▸ **The problem**:
Apart from the images, every record here needs to be copied exactly.
Data for analysis section start
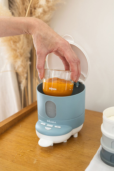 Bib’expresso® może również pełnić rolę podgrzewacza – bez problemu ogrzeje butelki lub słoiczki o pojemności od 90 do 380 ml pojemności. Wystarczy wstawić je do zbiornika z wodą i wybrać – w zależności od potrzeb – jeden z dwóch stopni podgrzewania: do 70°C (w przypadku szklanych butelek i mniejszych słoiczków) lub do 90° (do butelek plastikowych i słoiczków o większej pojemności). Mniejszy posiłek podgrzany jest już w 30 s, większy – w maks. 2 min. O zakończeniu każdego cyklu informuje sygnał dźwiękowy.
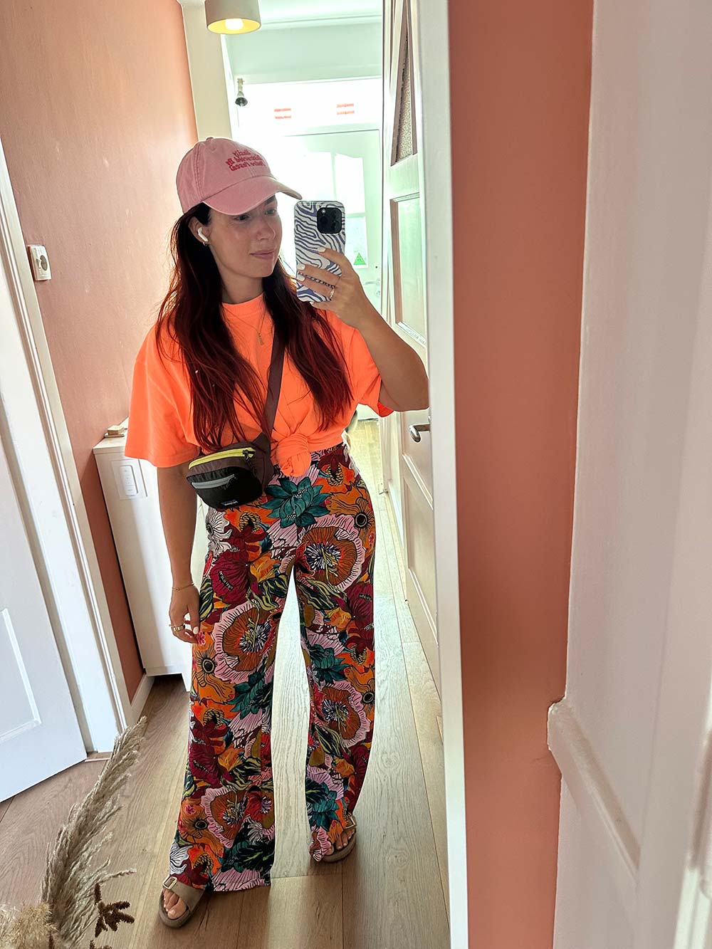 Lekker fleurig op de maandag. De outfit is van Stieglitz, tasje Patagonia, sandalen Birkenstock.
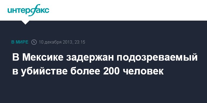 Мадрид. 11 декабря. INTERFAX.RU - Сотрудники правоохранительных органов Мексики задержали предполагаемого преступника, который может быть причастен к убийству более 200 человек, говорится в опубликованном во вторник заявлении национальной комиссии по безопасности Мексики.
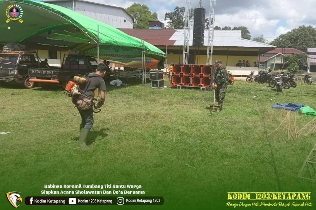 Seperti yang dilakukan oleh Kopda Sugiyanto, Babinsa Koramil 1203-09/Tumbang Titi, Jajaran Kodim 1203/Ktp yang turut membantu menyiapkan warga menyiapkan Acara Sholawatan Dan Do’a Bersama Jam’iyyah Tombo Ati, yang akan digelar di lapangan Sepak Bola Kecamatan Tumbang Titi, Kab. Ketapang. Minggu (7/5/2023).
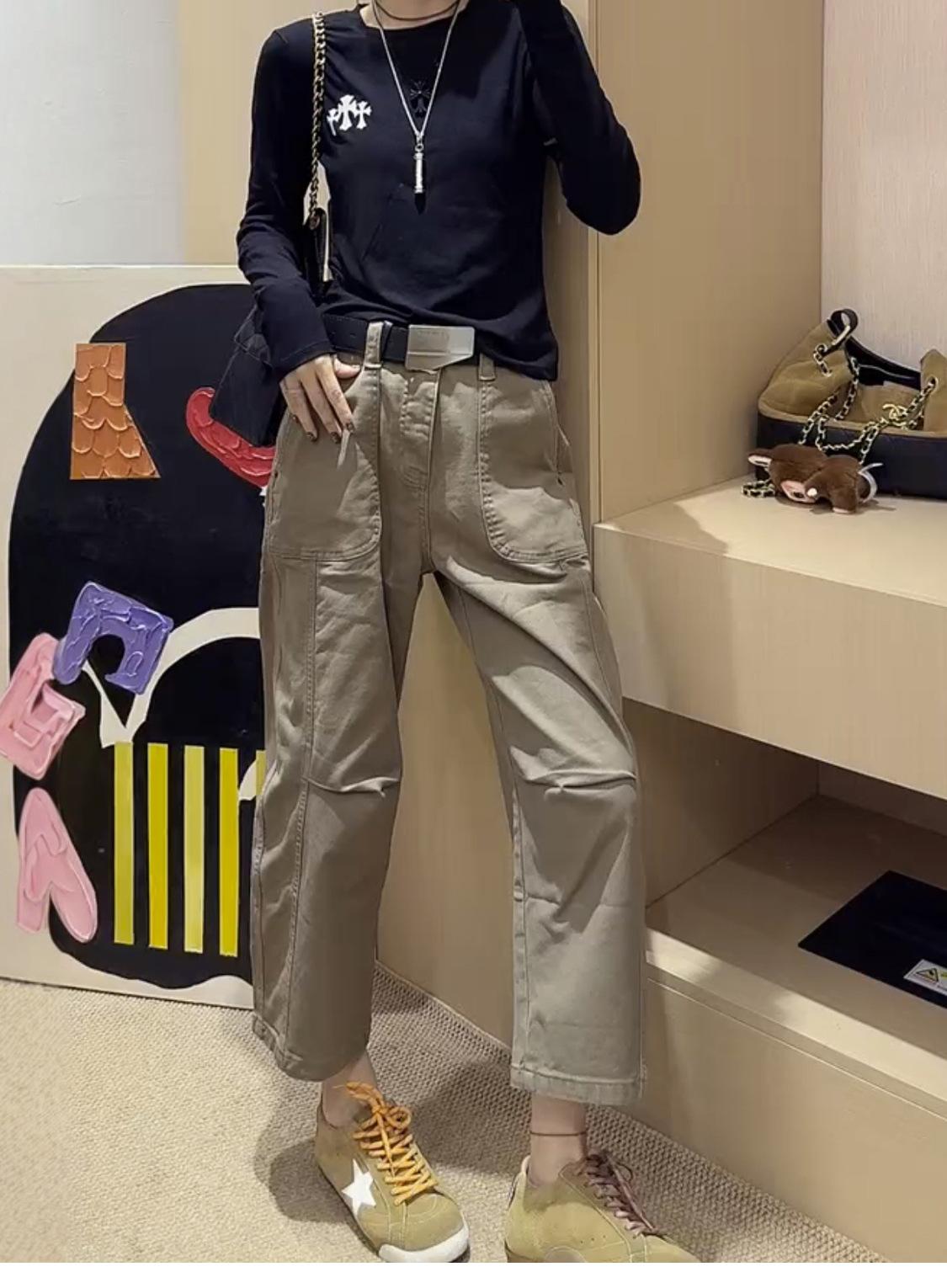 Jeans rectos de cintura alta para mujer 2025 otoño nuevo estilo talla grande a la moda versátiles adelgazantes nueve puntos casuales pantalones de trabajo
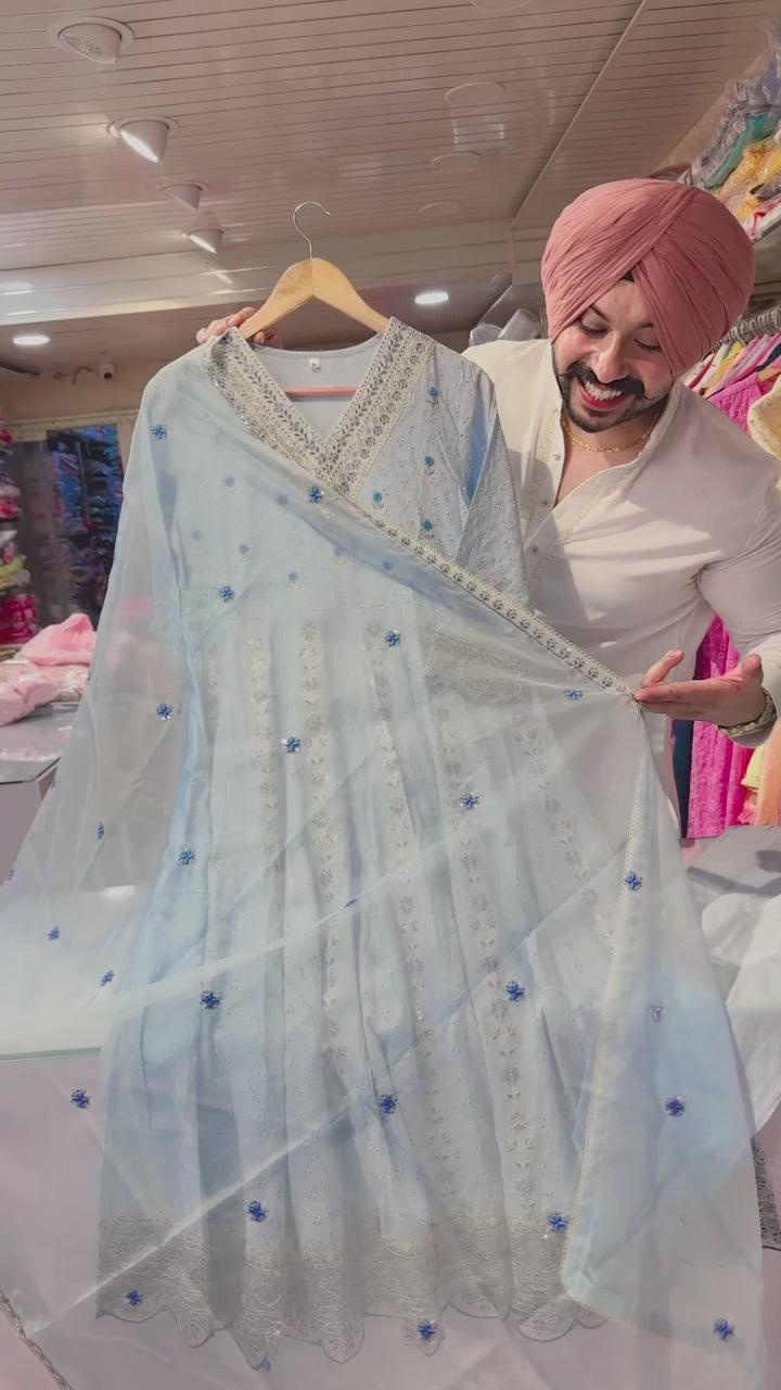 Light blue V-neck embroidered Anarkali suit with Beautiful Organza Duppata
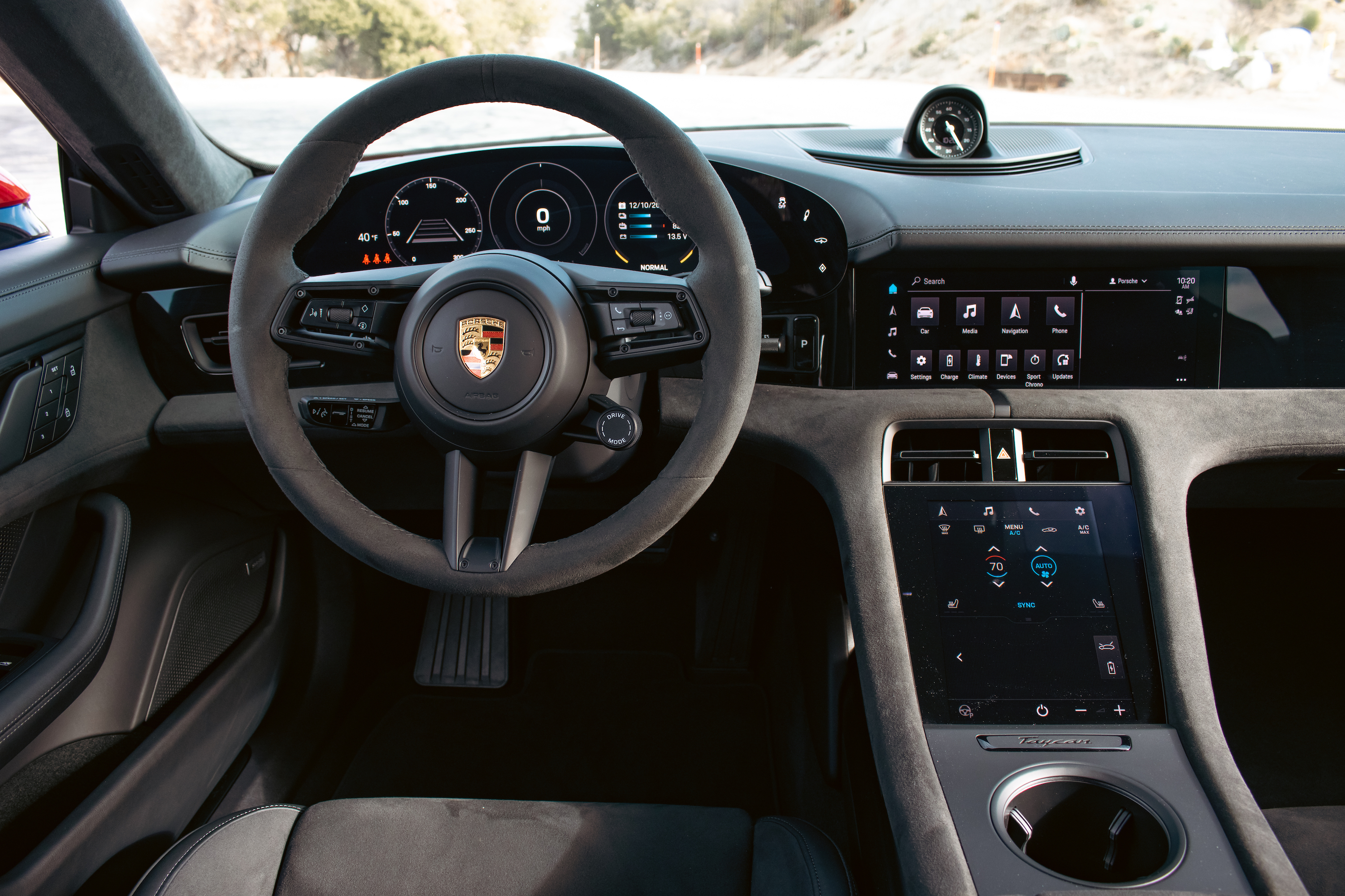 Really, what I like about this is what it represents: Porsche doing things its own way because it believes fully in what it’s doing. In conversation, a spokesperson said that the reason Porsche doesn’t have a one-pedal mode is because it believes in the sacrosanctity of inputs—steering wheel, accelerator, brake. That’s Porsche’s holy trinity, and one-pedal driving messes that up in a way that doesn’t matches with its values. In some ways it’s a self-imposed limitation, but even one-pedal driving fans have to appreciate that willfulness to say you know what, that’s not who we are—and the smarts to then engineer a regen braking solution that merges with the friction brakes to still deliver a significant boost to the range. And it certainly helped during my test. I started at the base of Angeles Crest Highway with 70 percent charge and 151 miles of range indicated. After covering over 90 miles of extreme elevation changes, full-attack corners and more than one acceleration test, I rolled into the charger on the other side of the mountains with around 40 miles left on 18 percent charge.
Data for analysis section end
▸ **Response area**:
 Bib’expresso® może również pełnić rolę podgrzewacza – bez problemu ogrzeje butelki lub słoiczki o pojemności od 90 do 380 ml pojemności. Wystarczy wstawić je do zbiornika z wodą i wybrać – w zależności od potrzeb – jeden z dwóch stopni podgrzewania: do 70°C (w przypadku szklanych butelek i mniejszych słoiczków) lub do 90° (do butelek plastikowych i słoiczków o większej pojemności). Mniejszy posiłek podgrzany jest już w 30 s, większy – w maks. 2 min. O zakończeniu każdego cyklu informuje sygnał dźwiękowy.
 Lekker fleurig op de maandag. De outfit is van Stieglitz, tasje Patagonia, sandalen Birkenstock.
 Мадрид. 11 декабря. INTERFAX.RU - Сотрудники правоохранительных органов Мексики задержали предполагаемого преступника, который может быть причастен к убийству более 200 человек, говорится в опубликованном во вторник заявлении национальной комиссии по безопасности Мексики.
 Seperti yang dilakukan oleh Kopda Sugiyanto, Babinsa Koramil 1203-09/Tumbang Titi, Jajaran Kodim 1203/Ktp yang turut membantu menyiapkan warga menyiapkan Acara Sholawatan Dan Do’a Bersama Jam’iyyah Tombo Ati, yang akan digelar di lapangan Sepak Bola Kecamatan Tumbang Titi, Kab. Ketapang. Minggu (7/5/2023).
 Jeans rectos de cintura alta para mujer 2025 otoño nuevo estilo talla grande a la moda versátiles adelgazantes nueve puntos casuales pantalones de trabajo
 Light blue V-neck embroidered Anarkali suit with Beautiful Organza Duppata
 Really, what I like about this is what it represents: Porsche doing things its own way because it believes fully in what it’s doing. In conversation, a spokesperson said that the reason Porsche doesn’t have a one-pedal mode is because it believes in the sacrosanctity of inputs—steering wheel, accelerator, brake. That’s Porsche’s holy trinity, and one-pedal driving messes that up in a way that doesn’t matches with its values. In some ways it’s a self-imposed limitation, but even one-pedal driving fans have to appreciate that willfulness to say you know what, that’s not who we are—and the smarts to then engineer a regen braking solution that merges with the friction brakes to still deliver a significant boost to the range. And it certainly helped during my test. I started at the base of Angeles Crest Highway with 70 percent charge and 151 miles of range indicated. After covering over 90 miles of extreme elevation changes, full-attack corners and more than one acceleration test, I rolled into the charger on the other side of the mountains with around 40 miles left on 18 percent charge.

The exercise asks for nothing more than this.